Israel-Gaza conflict: Israeli soldiers battle Hamas on second day of surprise attack

Israel aims to evacuate residents around Gaza within 24 hours



Israeli soldiers patrol near a police station which was the site of a battle following a mass infiltration by Hamas gunmen from the Gaza Strip, in Sderot, southern Israel.
Image Credit: Reuters

Tel Aviv, Israel: Israeli soldiers fought to repel Hamas militants Sunday and exchanged fire with the Lebanese militant group Hezbollah, raising the prospect of a broader regional conflagration a day after an unprecedented surprise attack on southern Israel by Palestinian militants that killed hundreds and left Israelis stunned and reeling.

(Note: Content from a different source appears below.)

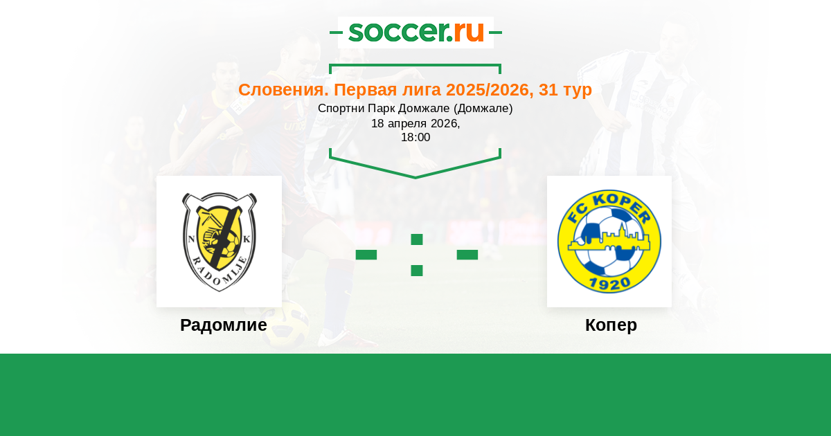 Словения. Первая Лига 29.09.2024 Копер Логотип футбольный клуб Копер 1:0 Логотип футбольный клуб Радомлие Радомлие

The Hamas militants broke out of the blockaded Gaza Strip and rampaged through nearby Israeli communities, taking captives, including women, children and the elderly, while Israel's retaliation strikes leveled buildings in Gaza and its prime minister said the country was at war.

Hezbollah struck Israeli positions in a disputed area along the border with Syria’s Golan Heights, and Israel’s military responded with armed drone strikes on Hezbollah targets in a disputed area where the borders of Israel, Lebanon and Syria meet.

On Sunday, the Israeli military said it forces were fighting Hamas incursions in eight places. An Israeli military spokesperson said that two hostage situations had been “resolved,” but did not say whether all the hostages had been rescued alive.

Israel struck 426 targets in Gaza, its miltary said, flattening residential buildings in giant explosions. That included a 14-story tower that held dozens of apartments as well as Hamas offices in central Gaza City. Israeli forces fired a warning just before.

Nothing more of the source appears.